「草も生えず鳥も降りず」西夏陵の神秘 西夏文化探訪

ソース:新華社作者: 2024-11-28 16:53

寧夏回族自治区銀川市の賀蘭山東麓に広がる洪積扇状地のゴビ砂漠にたたずむ西夏皇帝陵の3号陵と陵塔。(10月10日、ドローンから、銀川=新華社記者/馮開華)

 中国寧夏回族自治区銀川市の賀蘭山東麓に広がる洪積扇状地のゴビ砂漠に、大小さまざまな数百の塚がある。地元では「塚には草も生えず、鳥も降りない」と言われていたが、1970年代に始まった発掘調査で徐々に謎が明らかになった。

寧夏回族自治区銀川市にある西夏陵博物館。(10月10日、ドローンから、銀川=新華社記者/馮開華)

 中国の北方地域には11世紀から13世紀にかけてタングート族が建てた地方民族政権があり、宋の北西部に位置したことから「西夏」と呼ばれた。これらの塚は、西夏の九つの皇帝陵と271の陪葬墓の陵塔に当たる。整った建築遺構を持ち、多くの遺物が出土した西夏陵の発見は、西夏史を研究し、西夏文明の探求するための重要な鍵となった。

寧夏回族自治区銀川市の西夏皇帝陵3号陵と陵塔。西夏皇帝陵の配置は唐宋時代の様式を踏襲しつつも、陵塔建築が中軸線から外れているなどの違いがみられる。(10月10日、ドローンから、銀川=新華社記者/馮開華)

 西夏学の専門家、寧夏大学民族・歴史学院の杜建録(と・けんろく)院長は「学術研究の観点で見れば、西夏陵はかけがえのない価値を持つ。西夏時代の最も代表的な不動産文化財で、中国の歴史が実物として示されたものだ」と述べた。

 西夏の人々は、陵墓の選定や陵区の配置、埋葬習慣、建物の形状などについて、唐宋時代の帝陵に代表される中原王朝の農耕文化の陵寝制度を参考、吸収した上で融合と革新を進め、遊牧民族の文化的特色も併せ持つようになった。

地形に合わせて整備された西夏陵の治水施設。一部は現在も機能している。(10月22日撮影、銀川=新華社記者/馮開華)

 西夏陵博物館の師培軼(し・はいいつ)館長は「西夏陵の版築建築が草も生えず、鳥も降りないのは、当時の西夏の版築技術が比較的成熟し、突き固めた土に白石灰を加えていたからで、北方の雨の少なさも重なり、植物の成長の余地がなかったからだ」と指摘した。
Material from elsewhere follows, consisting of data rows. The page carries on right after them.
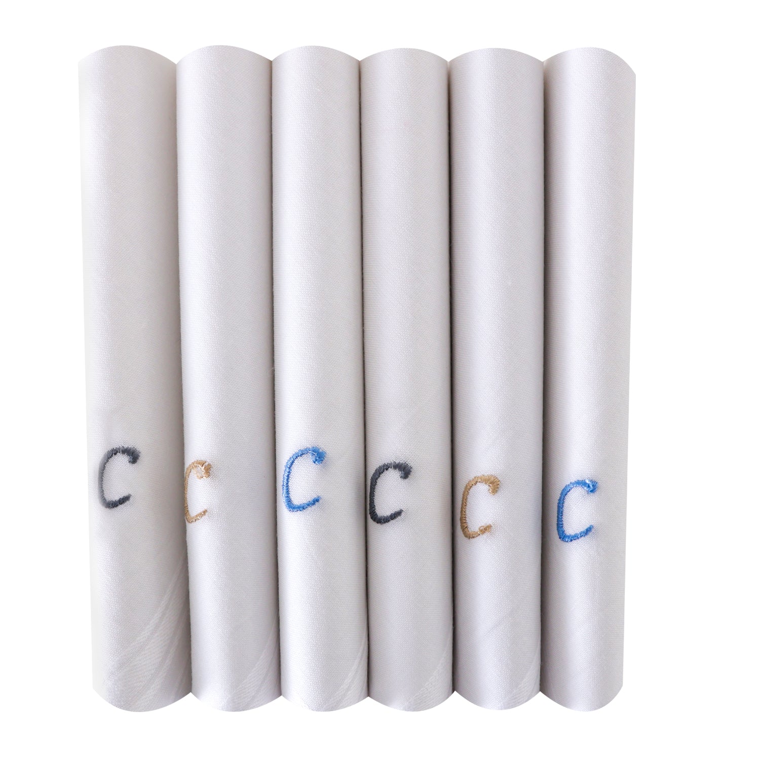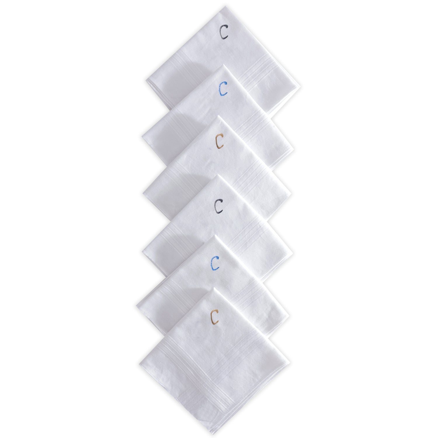 Men's White Cotton Handkerchief With Alphabet C Initial (Pack of 6)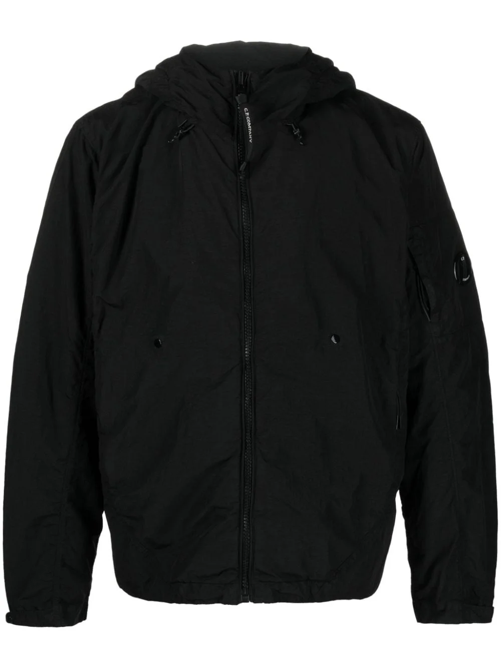 Flatt Nylon hooded jacket Highlights - Black - Tonal design - Signature lens detail - Stud detailing - Drawstring hood - High neck - Front zip fastening - Long sleeves - Sleeve zip pocket - Press-stud fastening cuffs - Two side zip-fastening pockets - Partial mesh lining - Internal signature lens detail - Locker loop - Multiple internal cargo pockets - Internal adjustable shoulder straps - Straight hem - C.p. company suggests removing any detachable accessories before washing. Imported Composition Lining: Polyamide 100% Outer: Polyester 100%, Polyamide 100% Washing instructions Machine Wash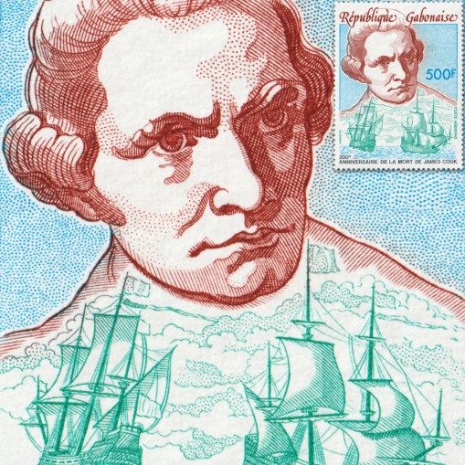 Znaczek upamiętniający dwustulecie śmierci Jamesa Cooka, angielskiego żeglarza i odkrywcy, kartografa, astronoma.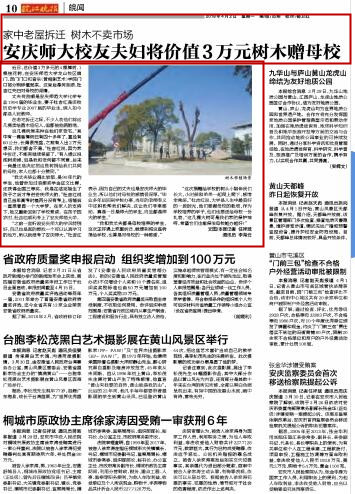 中青在线:老宅拆迁,安庆师大一对校友夫妇移树赠母校 http://news.cyol.com/yuanchuang/2018-03/30/content_17063901.htm

 西夏陵では70年代から現在まで数回の考古学調査と発掘が行われ、皇帝陵や陪葬墓、北端の建築遺跡から多くの遺物が出土した。現在は展示・収蔵機関が各種文化財計7100点を保存するほか、遺跡にも大量の建築部材の残骸が残されている。

西夏陵出土の瑠璃釉の鴟吻(しふん=棟両端の装飾瓦)。(10月23日撮影、銀川=新華社記者/馮開華)

 師氏は、西夏陵からは硬貨や絹織物、ビーズや金銀の装飾品などの副葬品も出土していると紹介。「西夏は最盛期に(甘粛省北西部の)河西回廊を支配していた。中原の技術による精美な絹織物と西域の風格を兼ね備えた装飾品は、西夏がシルクロードの中継拠点だったことを裏付けている」と述べた。

西夏陵出土の瓦当(がとう、筒瓦の先端部分)と石碑の残骸。(10月10日撮影、銀川=新華社記者/馮開華)

 西夏陵は独特の価値が評価され、1988年に全国重点文物保護単位(国宝・重点文化財)に指定された。ここ数年は遺跡の保護と補強工事が絶え間なく続けられている。

成熟した技術と石灰が含まれたことにより草が生えない西夏時期の版築建築、3号陵の陵塔。(10月22日撮影、銀川=新華社記者/馮開華)

 師氏は「西夏陵は唯一無二の存在だ。より先進的な展示方法を多く用いて、遠方からの見学者に西夏陵の文化的価値をより効果的に示し、説明していきたい」と語った。